ID: 63027 · Rating: 0 · rate: Rate + / Rate - Report as offensive     Reply Quote
Profile mikey
Avatar

Send message
Joined: 8 May 09
Posts: 3319
Credit: 520,345,392
RAC: 21,895
Message 63028 - Posted: 17 Jan 2015, 12:05:14 UTC - in response to Message 63027.  

So I have some WU that take all 6 cores to crunch, but they keep ticking after they reach 100% completed and surpass the "time remaining" variable...essentially halting ALL work being done by BOINC.

Can someone explain to me what's going on? I enjoy crunching for Milkyway but I do not like you "idling" my system so I can't crunch for anyone else....


You must stop thinking of 100% as 'finished' it is a rounded off number, it is NOT a hard stop what you are move on to the next unit number. MW is notorious for going for several minutes beyond the 100% point as it ensures all crunching is done and gets the results ready to send back to MW etc, etc, ETC. Your system is NOT idle, it is still crunching and can use all 6 cores if needed to finish the current workunit before it starts the next one.
ID: 63028 · Rating: 0 · rate: Rate + / Rate - Report as offensive     Reply Quote
BrainSmashR

Send message
Joined: 16 Dec 07
Posts: 5
Credit: 745,296
RAC: 0
Message 63031 - Posted: 17 Jan 2015, 15:00:22 UTC - in response to Message 63028.  

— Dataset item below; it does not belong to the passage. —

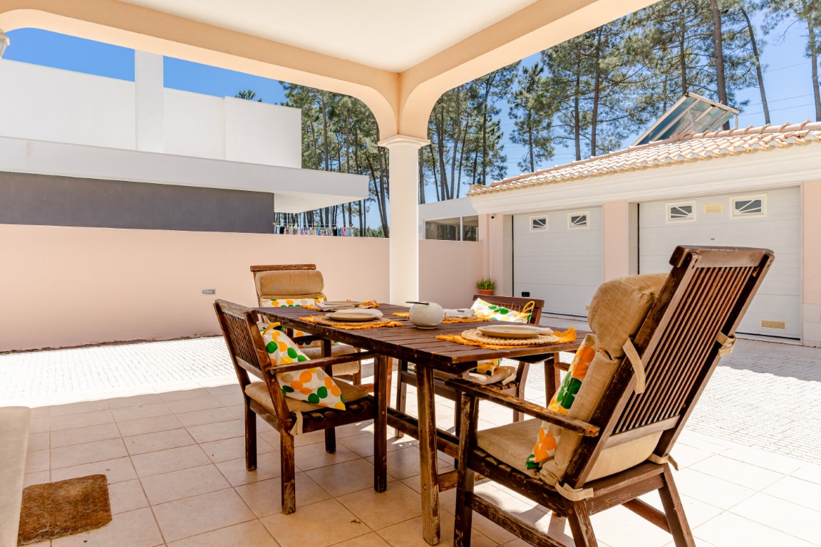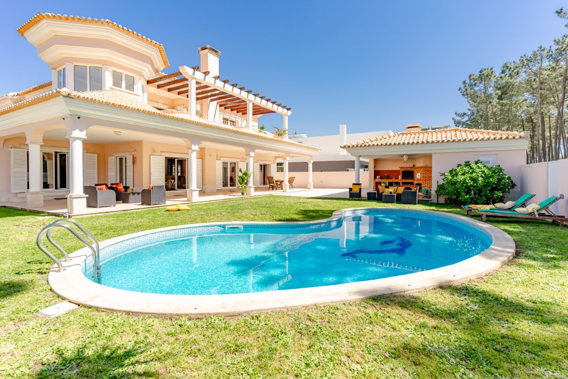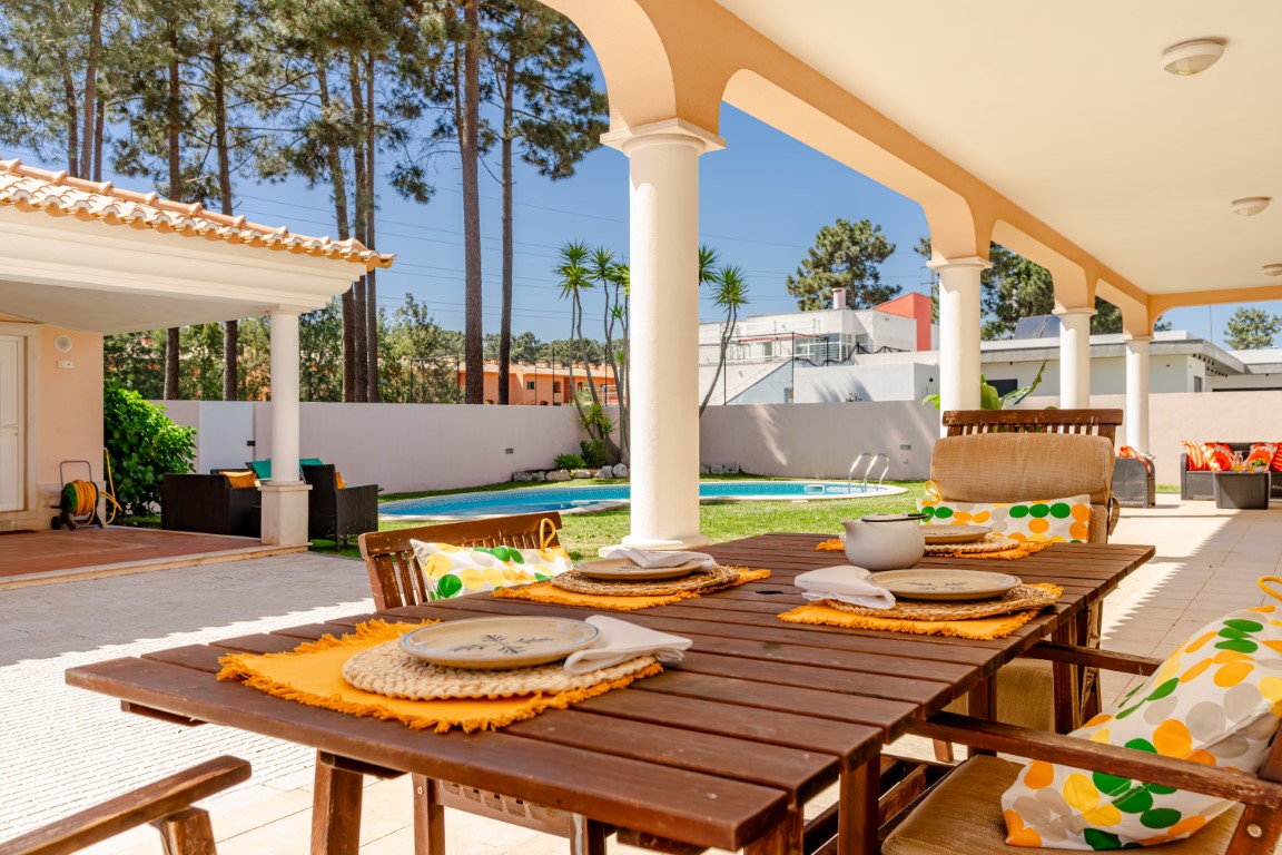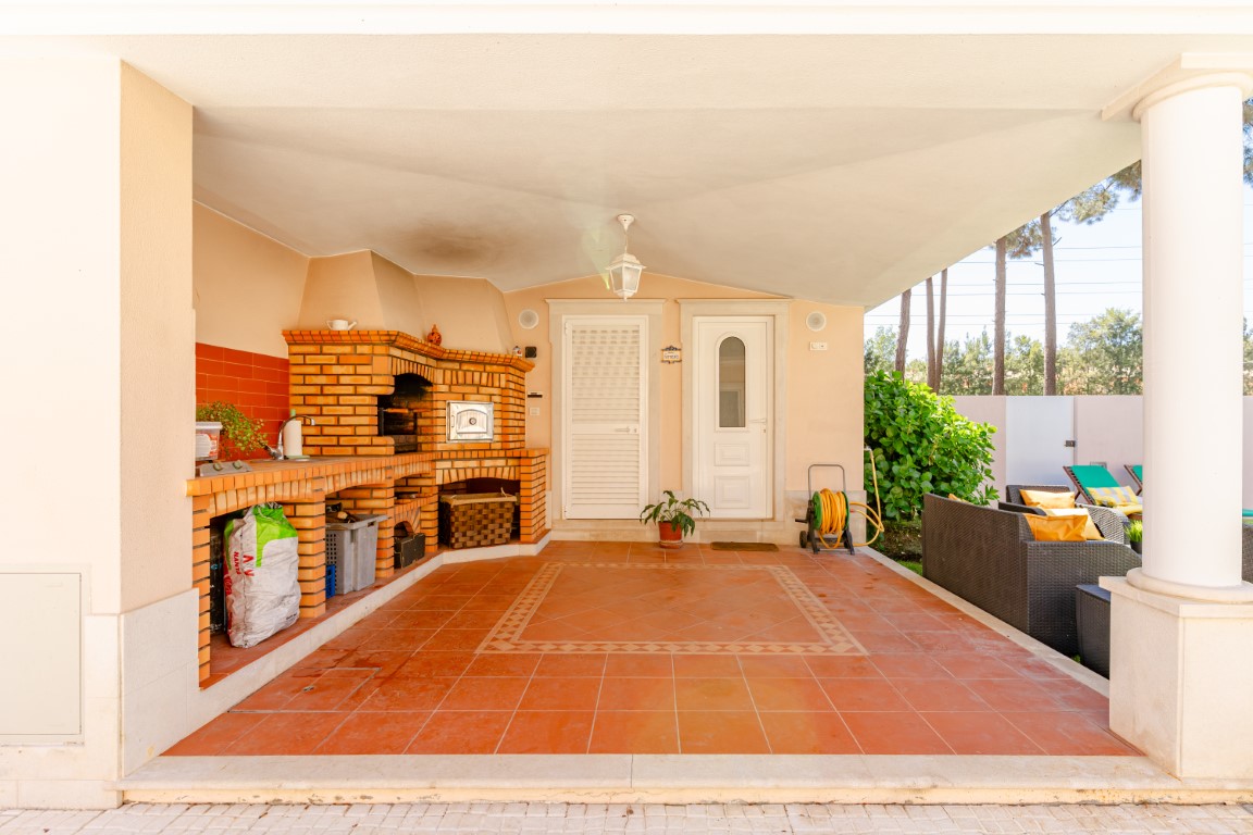 Uma piscina deslumbrante cercada por belos jardins paisagísticos, um anexo equipado com churrasqueira e forno a lenha, além de amplos alpendres e varandas, oferecem espaços perfeitos para desfrutar do clima ensolarado e do estilo de vida ao ar livre. Com balneário de apoio.Instalações de lazer e bem-estar

Gotcha....thanks for the response
ID: 63031 · Rating: 0 · rate: Rate + / Rate - Report as offensive     Reply Quote
John Woods

Send message
Joined: 30 Jan 09
Posts: 3
Credit: 81,093,970
RAC: 0
Message 63033 - Posted: 17 Jan 2015, 18:02:03 UTC

I've seen a lot of WUs recently which take several hours past the 100% point, rather than just minutes:
ps_nbody_12_20_orphan_sim_3_1413455402_1706770_3 (task 695052043) is up to 18:04:01 right now, having reached 99% after about 10 minutes and 100% after about 6 hours or so. It seems like a lot of the previous WUs which ran for roughly a day have failed validation for "too many results", too.
ID: 63033 · Rating: 0 · rate: Rate + / Rate - Report as offensive     Reply Quote
BrainSmashR

Send message
Joined: 16 Dec 07
Posts: 5
Credit: 745,296
RAC: 0
Message 63034 - Posted: 17 Jan 2015, 20:32:20 UTC - in response to Message 63033.  

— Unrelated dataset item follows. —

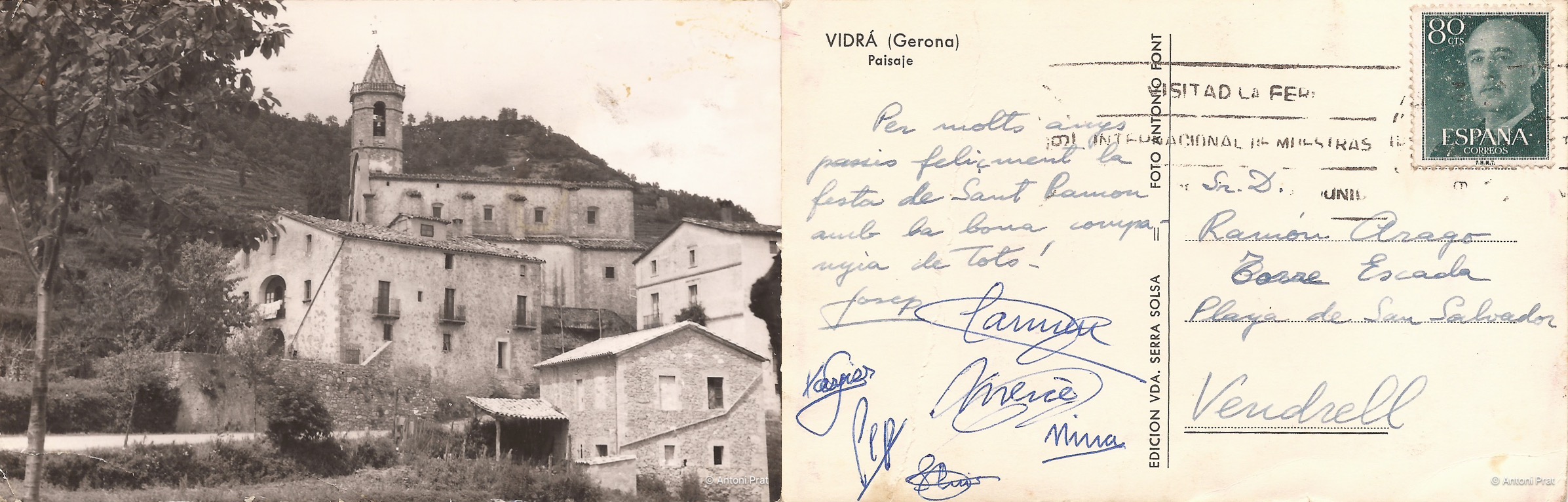Col·lecció de postals en blanc i negre de Vidrà i el seu entorn. En el seu revers hi figura la mateixa identificació en totes elles: VIDRÁ (Gerona) – Paisaje.

Well that's sort of what I was wondering. I have one that says 100% (waiting to run) with 21:52:58 elapsed and --- remaining.

Is this really not finished after 21 hours with all 6 cores?
ID: 63034 · Rating: 0 · rate: Rate + / Rate - Report as offensive     Reply Quote
Profile mikey
Avatar

Send message
Joined: 8 May 09
Posts: 3319
Credit: 520,345,392
RAC: 21,895
Message 63037 - Posted: 18 Jan 2015, 11:39:47 UTC - in response to Message 63034.  
Last modified: 18 Jan 2015, 11:43:13 UTC

Well that's sort of what I was wondering. I have one that says 100% (waiting to run) with 21:52:58 elapsed and --- remaining.

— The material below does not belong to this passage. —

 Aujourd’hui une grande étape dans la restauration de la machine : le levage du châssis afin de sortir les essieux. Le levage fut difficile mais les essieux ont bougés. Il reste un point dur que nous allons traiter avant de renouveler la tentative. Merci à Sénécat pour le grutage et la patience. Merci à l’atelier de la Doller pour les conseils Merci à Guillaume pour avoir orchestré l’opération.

Is this really not finished after 21 hours with all 6 cores?


Do a suspend of Boinc and then a resume thru the Boinc Manager and see if it magically changes the times and finishes. Sometimes Boinc gets 'confused' and although the clock keeps going no work is getting done.

John Woods you should try that too.

When I am crunching and see a REALLY long unit like that that is my first thing to do, then if that doesn't work I abort it and move on to the next unit. I am interested in crunching multiple units, not one unit forever!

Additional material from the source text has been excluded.